┌─ EXERCISE MATERIAL

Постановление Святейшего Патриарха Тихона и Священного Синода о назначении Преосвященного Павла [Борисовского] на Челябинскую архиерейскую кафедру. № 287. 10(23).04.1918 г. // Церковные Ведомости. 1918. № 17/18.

└─
┌─ EXERCISE MATERIAL

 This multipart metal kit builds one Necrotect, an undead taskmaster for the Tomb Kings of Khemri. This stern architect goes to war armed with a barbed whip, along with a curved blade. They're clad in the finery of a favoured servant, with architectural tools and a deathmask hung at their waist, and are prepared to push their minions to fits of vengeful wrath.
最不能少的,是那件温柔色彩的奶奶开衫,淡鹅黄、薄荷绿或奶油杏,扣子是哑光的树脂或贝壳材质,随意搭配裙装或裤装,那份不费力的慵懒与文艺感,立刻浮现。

└─
┌─ EXERCISE MATERIAL

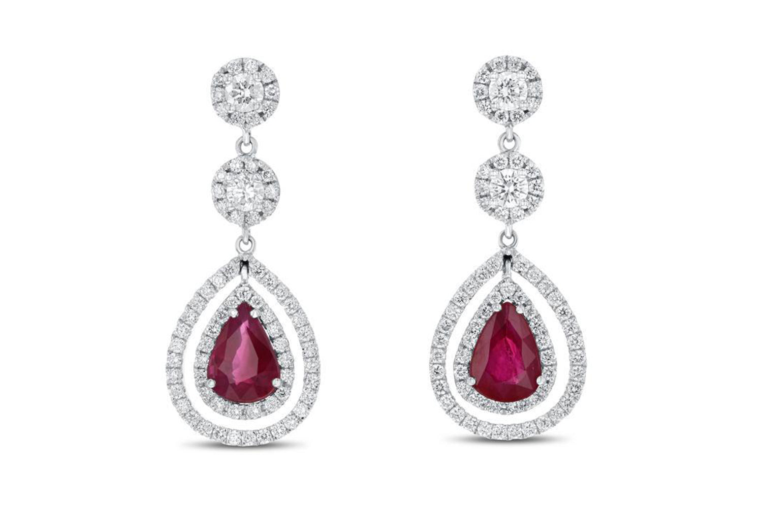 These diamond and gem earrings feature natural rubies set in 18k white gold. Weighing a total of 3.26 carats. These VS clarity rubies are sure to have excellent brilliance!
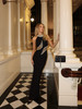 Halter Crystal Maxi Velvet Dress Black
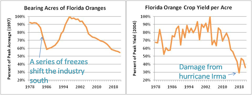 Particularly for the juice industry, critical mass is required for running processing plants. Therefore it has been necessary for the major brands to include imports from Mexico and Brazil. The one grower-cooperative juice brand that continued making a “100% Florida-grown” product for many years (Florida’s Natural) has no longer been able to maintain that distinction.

└─

WHAT YOU SHOULD DO
Among the entries above, locate the lines containing "This multipart metal" and "最不能少的,是那件温柔色彩的", and transcribe exactly those two lines and all lines between.

RESPONSE TO THIS EXERCISE
 This multipart metal kit builds one Necrotect, an undead taskmaster for the Tomb Kings of Khemri. This stern architect goes to war armed with a barbed whip, along with a curved blade. They're clad in the finery of a favoured servant, with architectural tools and a deathmask hung at their waist, and are prepared to push their minions to fits of vengeful wrath.
最不能少的,是那件温柔色彩的奶奶开衫,淡鹅黄、薄荷绿或奶油杏,扣子是哑光的树脂或贝壳材质,随意搭配裙装或裤装,那份不费力的慵懒与文艺感,立刻浮现。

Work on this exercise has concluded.